(Provided information Opens)

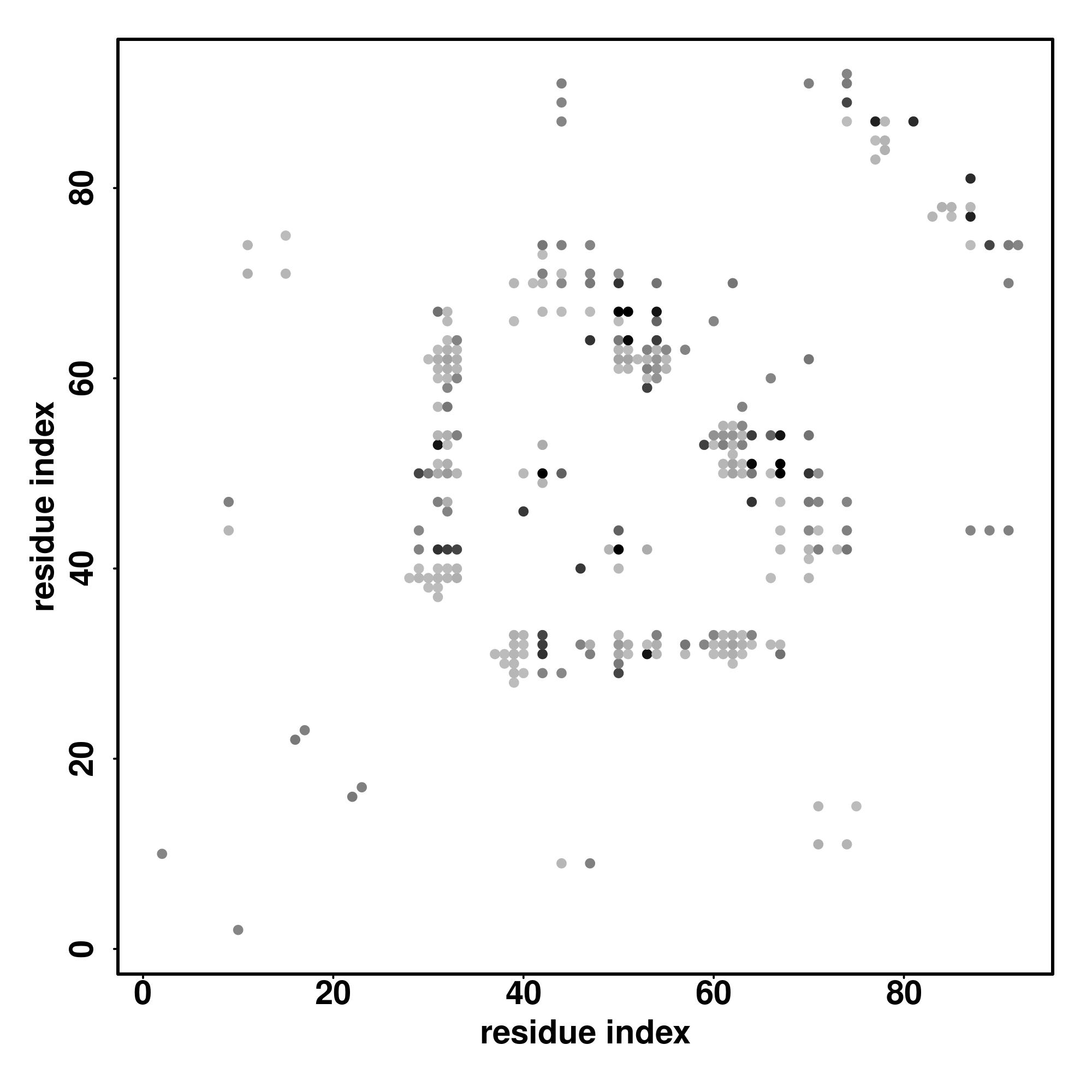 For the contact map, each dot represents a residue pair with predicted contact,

(Provided information Closes)
(Provided information Opens)

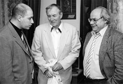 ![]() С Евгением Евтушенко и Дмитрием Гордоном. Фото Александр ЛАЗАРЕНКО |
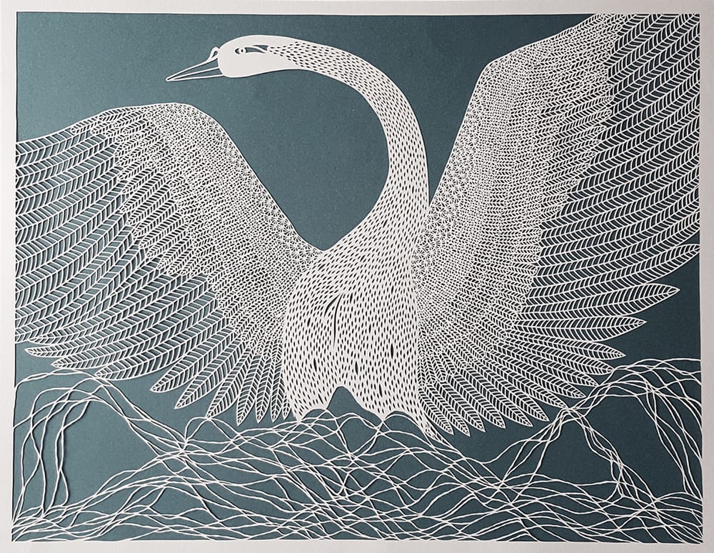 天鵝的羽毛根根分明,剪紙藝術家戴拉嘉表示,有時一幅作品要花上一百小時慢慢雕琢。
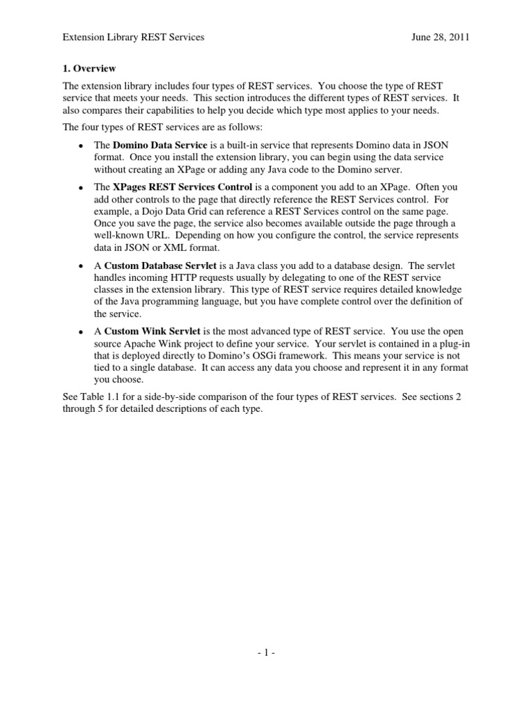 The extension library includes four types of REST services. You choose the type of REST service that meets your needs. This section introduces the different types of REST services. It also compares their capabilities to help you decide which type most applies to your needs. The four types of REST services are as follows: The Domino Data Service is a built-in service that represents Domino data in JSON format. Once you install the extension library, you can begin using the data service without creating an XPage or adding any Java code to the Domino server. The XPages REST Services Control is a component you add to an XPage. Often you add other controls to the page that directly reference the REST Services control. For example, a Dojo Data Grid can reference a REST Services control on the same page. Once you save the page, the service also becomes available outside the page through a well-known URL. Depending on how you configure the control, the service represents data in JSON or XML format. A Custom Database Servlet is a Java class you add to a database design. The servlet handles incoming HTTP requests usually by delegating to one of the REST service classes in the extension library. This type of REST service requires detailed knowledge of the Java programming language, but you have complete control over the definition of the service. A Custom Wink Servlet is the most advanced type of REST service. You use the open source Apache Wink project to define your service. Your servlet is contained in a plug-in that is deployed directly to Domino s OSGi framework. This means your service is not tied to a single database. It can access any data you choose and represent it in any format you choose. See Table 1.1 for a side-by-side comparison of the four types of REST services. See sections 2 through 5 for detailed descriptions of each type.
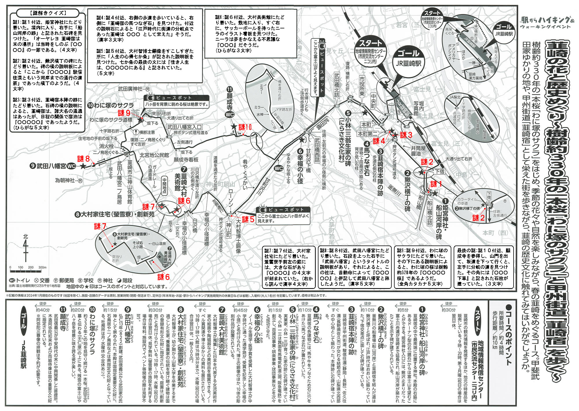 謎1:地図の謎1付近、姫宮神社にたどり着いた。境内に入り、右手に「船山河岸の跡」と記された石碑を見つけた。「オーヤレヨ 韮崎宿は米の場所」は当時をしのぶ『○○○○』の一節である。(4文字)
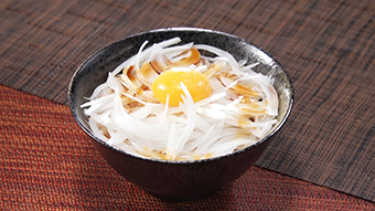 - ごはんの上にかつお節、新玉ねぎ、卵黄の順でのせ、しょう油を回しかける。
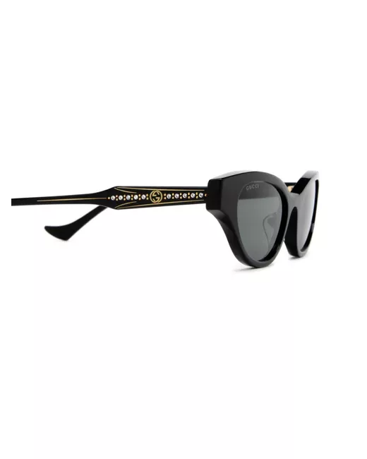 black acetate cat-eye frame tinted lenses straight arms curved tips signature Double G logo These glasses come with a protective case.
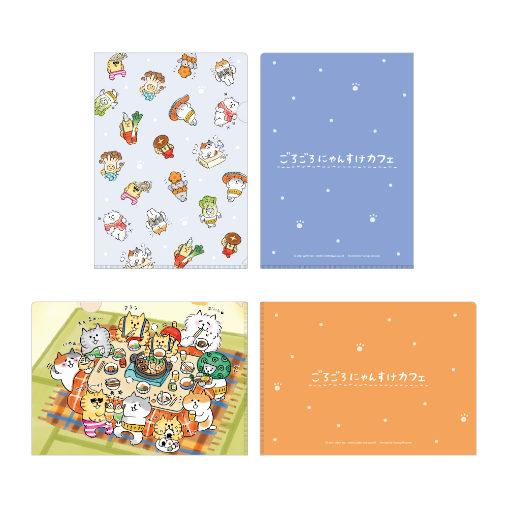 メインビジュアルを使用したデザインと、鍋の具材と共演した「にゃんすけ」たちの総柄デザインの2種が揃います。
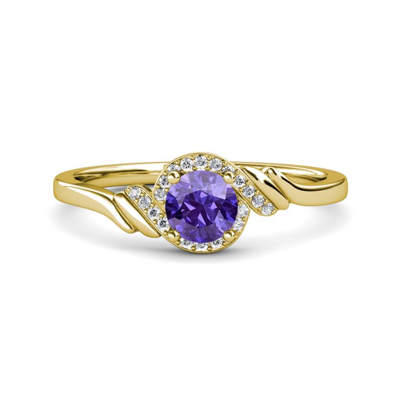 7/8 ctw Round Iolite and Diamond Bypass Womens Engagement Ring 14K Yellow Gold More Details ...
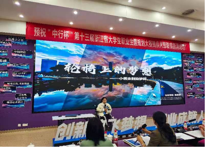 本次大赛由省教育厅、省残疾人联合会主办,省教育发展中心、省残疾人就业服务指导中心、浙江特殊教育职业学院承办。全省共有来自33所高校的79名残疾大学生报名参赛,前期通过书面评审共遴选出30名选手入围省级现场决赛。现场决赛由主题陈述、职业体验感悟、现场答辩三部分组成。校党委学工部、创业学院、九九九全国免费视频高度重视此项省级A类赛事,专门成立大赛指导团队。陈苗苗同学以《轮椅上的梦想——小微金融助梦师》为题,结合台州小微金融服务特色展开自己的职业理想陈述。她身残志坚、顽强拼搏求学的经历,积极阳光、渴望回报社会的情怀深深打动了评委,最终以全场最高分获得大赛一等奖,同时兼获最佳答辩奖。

(Provided information Closes)
(Provided information Opens)

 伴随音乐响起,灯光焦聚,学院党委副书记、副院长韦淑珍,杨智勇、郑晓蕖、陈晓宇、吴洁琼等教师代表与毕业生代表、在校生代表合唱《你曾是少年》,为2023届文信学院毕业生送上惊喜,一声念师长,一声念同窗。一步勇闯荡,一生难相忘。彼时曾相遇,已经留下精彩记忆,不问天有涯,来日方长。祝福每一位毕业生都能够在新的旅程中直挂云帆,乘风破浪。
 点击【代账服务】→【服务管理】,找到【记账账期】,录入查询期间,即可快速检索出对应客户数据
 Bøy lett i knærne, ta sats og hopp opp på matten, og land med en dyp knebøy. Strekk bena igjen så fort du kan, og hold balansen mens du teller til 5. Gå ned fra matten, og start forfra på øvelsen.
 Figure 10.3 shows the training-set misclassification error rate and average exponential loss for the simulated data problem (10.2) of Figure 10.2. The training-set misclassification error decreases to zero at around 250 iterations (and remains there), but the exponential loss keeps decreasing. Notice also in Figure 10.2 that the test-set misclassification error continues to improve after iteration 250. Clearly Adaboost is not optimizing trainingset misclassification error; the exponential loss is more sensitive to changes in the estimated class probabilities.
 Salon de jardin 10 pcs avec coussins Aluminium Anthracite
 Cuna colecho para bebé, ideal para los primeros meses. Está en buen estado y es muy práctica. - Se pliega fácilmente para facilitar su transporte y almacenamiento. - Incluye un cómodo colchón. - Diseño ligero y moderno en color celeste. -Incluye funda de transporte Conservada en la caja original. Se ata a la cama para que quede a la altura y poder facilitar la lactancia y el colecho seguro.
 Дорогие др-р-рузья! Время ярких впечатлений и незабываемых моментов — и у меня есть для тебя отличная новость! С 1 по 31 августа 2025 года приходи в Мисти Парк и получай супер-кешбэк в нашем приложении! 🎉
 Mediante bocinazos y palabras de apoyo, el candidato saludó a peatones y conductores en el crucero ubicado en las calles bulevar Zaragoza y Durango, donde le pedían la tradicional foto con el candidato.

(Provided information Closes)

### Task item
Look above for the line with "Cuna colecho para" and the line with "Mediante bocinazos y"; transcribe both and all lines in between, exactly, and nothing else.

### Result of this exercise
 Cuna colecho para bebé, ideal para los primeros meses. Está en buen estado y es muy práctica. - Se pliega fácilmente para facilitar su transporte y almacenamiento. - Incluye un cómodo colchón. - Diseño ligero y moderno en color celeste. -Incluye funda de transporte Conservada en la caja original. Se ata a la cama para que quede a la altura y poder facilitar la lactancia y el colecho seguro.
 Дорогие др-р-рузья! Время ярких впечатлений и незабываемых моментов — и у меня есть для тебя отличная новость! С 1 по 31 августа 2025 года приходи в Мисти Парк и получай супер-кешбэк в нашем приложении! 🎉
 Mediante bocinazos y palabras de apoyo, el candidato saludó a peatones y conductores en el crucero ubicado en las calles bulevar Zaragoza y Durango, donde le pedían la tradicional foto con el candidato.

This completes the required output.